When you’ve completed your work and washed your hands, see the solution below.

If your answer was, “Those are some big ol’ fake boobies”, you are correct!

Friday, February 15, 2008
Apparently, my 7 year old niece's Barbie, Ken and Little Mermaid had quite the hot Valentine's Day yesterday with a MFF threesome complete with candles and midgets.

UNSTAGED photo from Vanilla25Cent.

Monday, February 11, 2008
10 minutes ago, I had no idea what a "Booty Clap" was. I'm not sure I'm any better off now that I know what it is.

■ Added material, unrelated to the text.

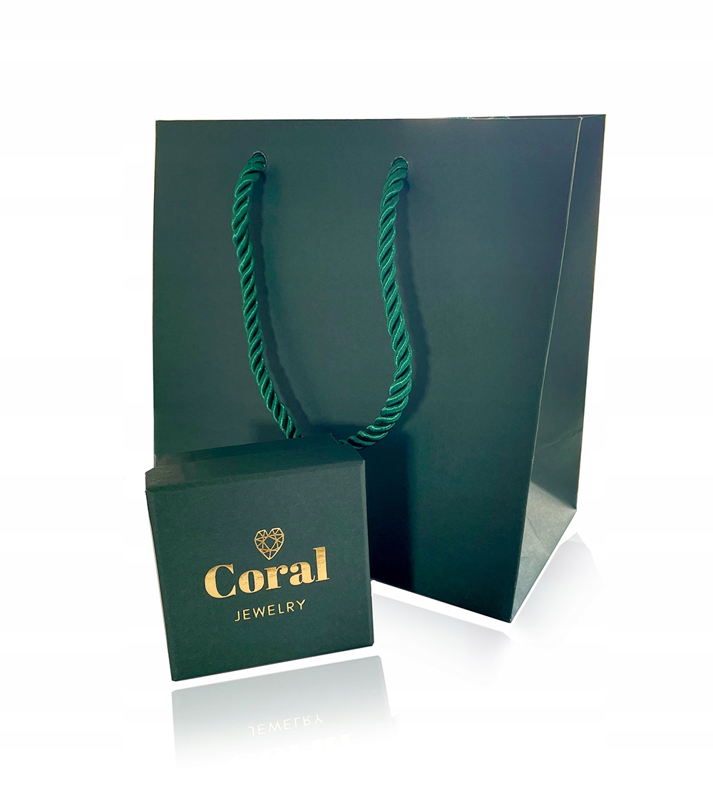 Тоді прикраси будуть автоматично упаковані в дуже елегантну коробку з логотипом бренду, ви також отримаєте елегантну сумку до набору. Декоративна упаковка та аксесуари, також з можливістю гравірування на дошці, включеній у набір.

Those things are louder than my hands

And here are some interesting internet statistics presented with a nice visual aid ... a.k.a., KelleMarie.

Speaking of porn, with rider names like Suk Gong and Dong Xing, one might think the Tour de Langkawi was something put out by Vivid.

Wednesday, February 6, 2008
Rumor has it that Reverend A-train might be a little behind in his winter training program.

Tuesday, February 5, 2008
There's been quite a bit of discussion circulating about the latest Velo News cover, namely, Why are Vaughters and crew dressed gayer than Jay Manuel? And, is the main article about Slipstream or Summer’s Eve feminine douche?

Leave it up to Dave over at EvilCycling.com to add his 2-cents:

“Fresh and Clean? Are you serious? That's the title for some vagina spray, not the mantra of the newest ... eat-em-up badass cycling team on the block.”

In other news, now that the Canadian dollar is now "aboot" equal to the US greenback, those hosers to the North have gobbled up Canonndale.

A round of Moosehead to our new masters.